# Tescos self service checkouts



## Northerner (Oct 6, 2015)

Further to yesterday morning's shock discovery that the machine in Tescos now talks to me in a man's voice, thus depriving me of the bulk of my few pleasures in life, I wrote to them asking if the situation could be resolved by providing a voice selection button. 




> "Dear Tesco, I was both alarmed and upset this morning when, instead of the lovely lady who normally guides me through my shopping experience at your self service checkouts - who is probably the closest thing to a girlfriend I have - has been summarily dismissed and replaced by an officious and overbearing man! As the process progressed, with each harsh utterance, I was driven deeper and deeper into despair and left your store, not with my usual spring in my step at a happy encounter, but under a heavy cloud and numbness in my soul.

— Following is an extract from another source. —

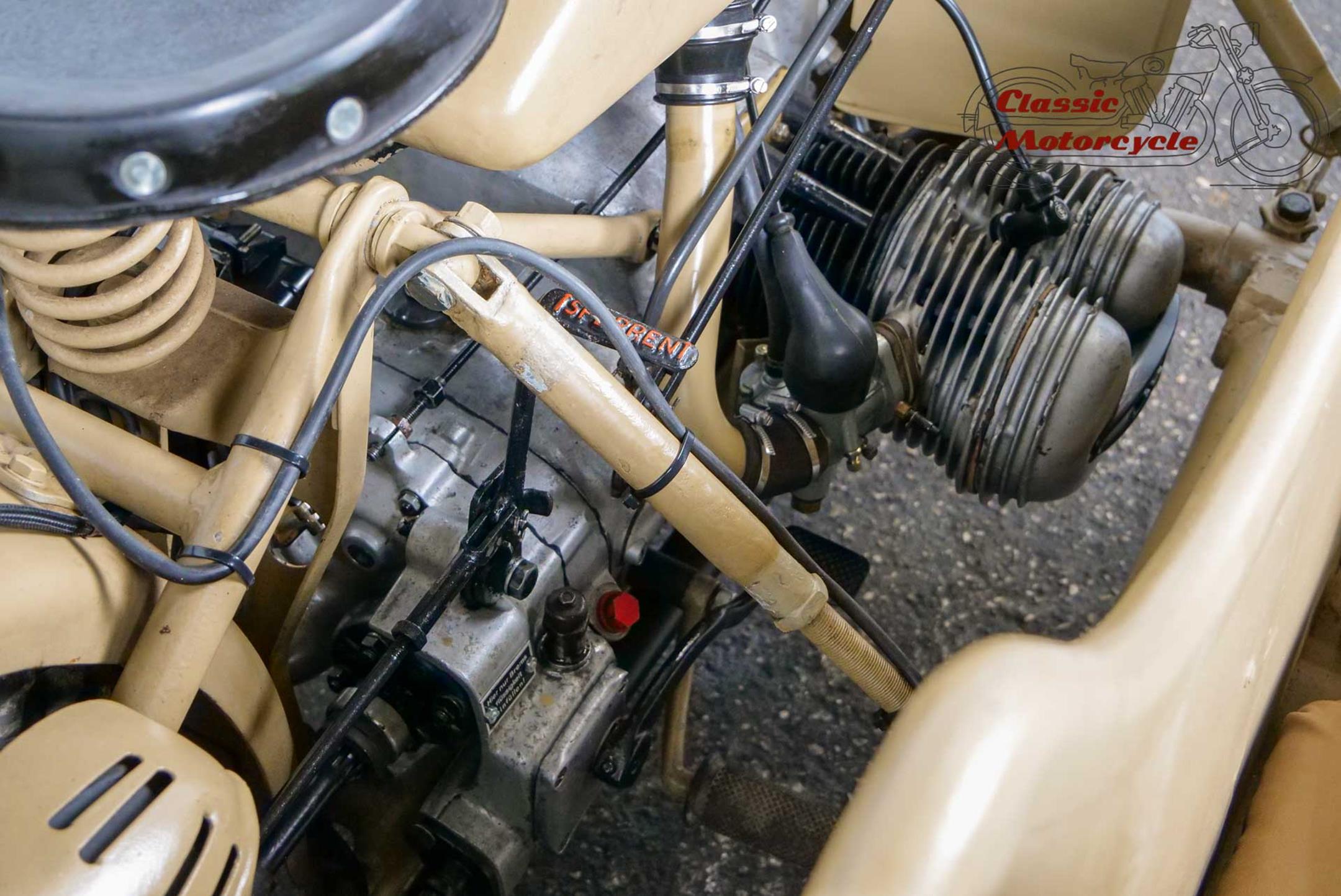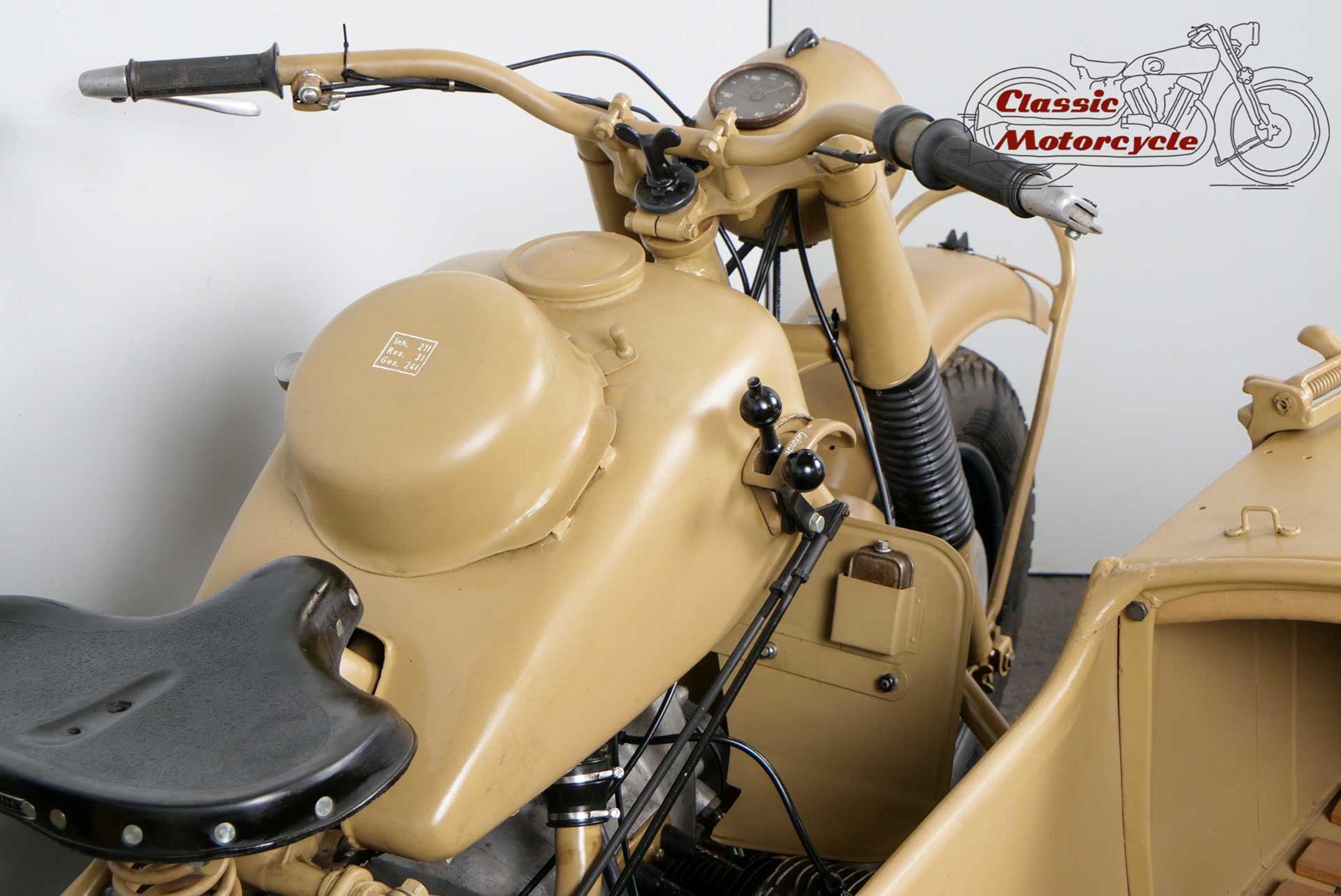 We offer here a piece of war history of the German Wehrmacht. The R75 was designed exclusively for hard war use. Whether desert sand or snow and cold the motorcycles were driven. The motorcycle was produced on 31.5.1943 and delivered on 15.6.1943 to the Heereszeugamt Chemnitz, Germany. The price at that time was 2.630 Reichsmark. The combination was restored in 2010 and has a certificate from BMW. She runs smoothly and is ready to ride.
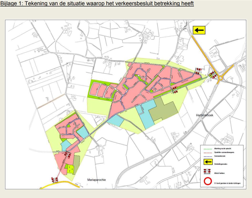 Tijdelijk verkeersbesluit voor houden van een carnavalsoptocht te Harbrinkhoek en Mariaparochie.

I am sure I am not alone in this (although I am reluctant to share her dulcet tones), so would it perhaps be possible to install a button that will allow selection of either the lovely lady or the odious man?"



They have replied, but I think they missed the point a bit:


> "Dear Alan
> 
> Thank you for your email.
> 
> ...



Now they probably think I'm some kind of stalker!


----------



## AJLang (Oct 6, 2015)

Ha ha first of all I didn't really believe that you'd sent the original message - but I laughed so loudly when I saw there response  It doesn't look like you are going to get her back.


----------



## robert@fm (Oct 6, 2015)

Still, at least you don't get "Unexpected item in the bagging area. Exterminate. Exterminate."


----------



## Pumper_Sue (Oct 6, 2015)

Lol not to bright in customer relations then are they?

I suspect the reason the voice has changed is because most of the staff and customers had a strong dislike for the female voice.


----------



## Worcester_Matt (Oct 6, 2015)

I used the Sainsbury's self-service checkouts earlier. I was totally flummoxed by the 5p bag question, and I'm about to finish a PhD! The premise of the question was "We now charge 5p for a reusable bag. Please click yes if you have scanned your bag" with a yes or no answer. I didn't need a bag, having 1 item. I really couldn't work out whether I needed to click yes or no (no turning out to be the correct answer).


----------



## Northerner (Oct 6, 2015)

Worcester_Matt said:


> I used the Sainsbury's self-service checkouts earlier. I was totally flummoxed by the 5p bag question, and I'm about to finish a PhD! The premise of the question was "We now charge 5p for a reusable bag. Please click yes if you have scanned your bag" with a yes or no answer. I didn't need a bag, having 1 item. I really couldn't work out whether I needed to click yes or no (no turning out to be the correct answer).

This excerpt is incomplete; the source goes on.